Poncelet's porism on non-circular conic sections

Oct 14, 2024

Introduction

Poncelet's porism or Poncelet's closure theorem is one of the most remarkable results in plane geometry. It is most easily described in terms of circles: suppose we have two circles \(C\) and \(D\), with \(D\) lying entirely inside \(C\). Pick a point \(p_0\) on \(C\), and find the tangent from \(p_0\) to \(D\). Let \(p_1\) be the other intersection of the tangent line at \(C\). So the line \(p_0 - p_1\) is a chord of \(C\) which is tangential to \(D\). Continue creating \(p_2\), \(p_3\) and so on. The porism claims that: If at some stage these tangents "join up"; that is, if there is a point \(p_k\) equal to \(p_0\), then the tangents will join up for any initial choice of \(p_0\) on \(C\).

The polygon so created from the vertices \(p_0,\, p_1,\,\cdots,p_k\) is called a bicentric polygon: all its vertices lie on one circle (\(C\)), and all its edges are tangential to another circle \(D\).

If \(r\) and \(R\) are the vertices of \(D\) and \(C\) respectively, and \(d\) is the distance between their centres, much effort has been expended over the past two centuries determining conditions on these three values for an \(n\) sided bicentric polygon to exist. Euler established that for triangles:

\[ \frac{1}{R+d}+\frac{1}{R-d}=\frac{1}{r} \]

or that

\[ R^2-2Rr-d^2=0. \]

Euler's amanuensis, Nicholas Fuss (who would marry one of Euler's granddaughters) determined that for bicentric quadrilaterals:

\[ \frac{1}{(R+d)^2}+\frac{1}{(R-d)^2}=\frac{1}{r^2} \]

or that

\[ (R^2-d^2)^2=2r^2(R^2+d^2). \]

Looking at the first expressions, you might hope that further polynomials might have similarly nice expressions. Unfortunately, the expressions get considerably more complicated as \(n\) increases, and the only way to write them succinctly is with a sequence of substitutions.

There is a good demonstration and explanation at Wolfram Mathworld which has examples of some further expressions.

An example with two circles

Here's an example with a quadrilateral. To use it, move the point \(A\) along the \(x\) axis. You'll see that the inner circle changes size according to Fuss' formula. Then you can drag the circled point around the outer circle to demonstrate the porism.

An example with non-circular conic sections

Poncelet's porism ia in fact a result for conic sections, not just circles. However, circles are easy to work with and define - as seen above, just three parameters are needed to define two circles. This means that nobody has tried to develop similar formulas to Euler and Fuss for general conic sections: the complexity is simply too great. In the most general form, five points are needed to fix a conic section. that is: given any five points in general position, there will be a unique conic section passing through all of them.

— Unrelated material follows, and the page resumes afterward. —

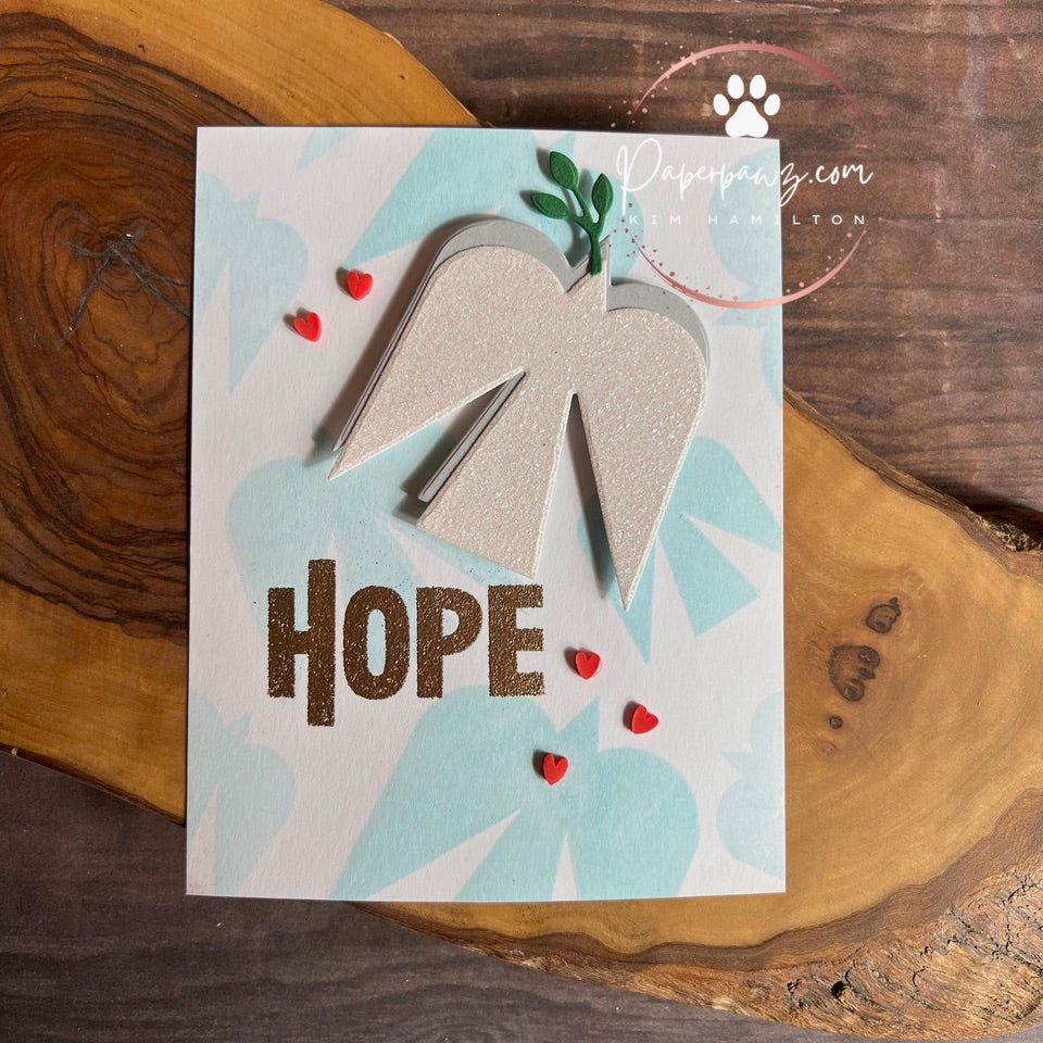 Note: The Hopeful Peacebird is the same size as the largest image in the stamp set, but it cuts the exact size with no border. The coordinating die leaves a border around the stamped image.

Here's how this figure works:

The green dots define the interior ellipse (two foci and a point on the ellipse). They can be moved any way you like.
The red points on the ellipse: \(p_0\), \(p_1\), \(p_2\), \(p_3\) and \(p_4\) can be slid around the ellipse.
The tangents to these points and their intersections define a pentagon, whose vertices define a larger ellipse.
When you have a nice shape that you like, use the button "Hide initial pentagon". All labels will vanish, and you'll have one circled point which can be dragged around the outer ellipse to demonstrate the porism.

What happens if you allow two of the points \(p_i\) to "cross over"?

A note on the diagrams

These were created with the amazing JavaScript library JSXGraph which is a very powerful tool for creating interactive diagrams. I am indebted to the many answers I've received to questions on its Google group, and in particular to its lead developer, Professor Dr Albert Wassermann from the University of Bayreuth, who has been unfailingly generous with his time and detail in answering my many queries.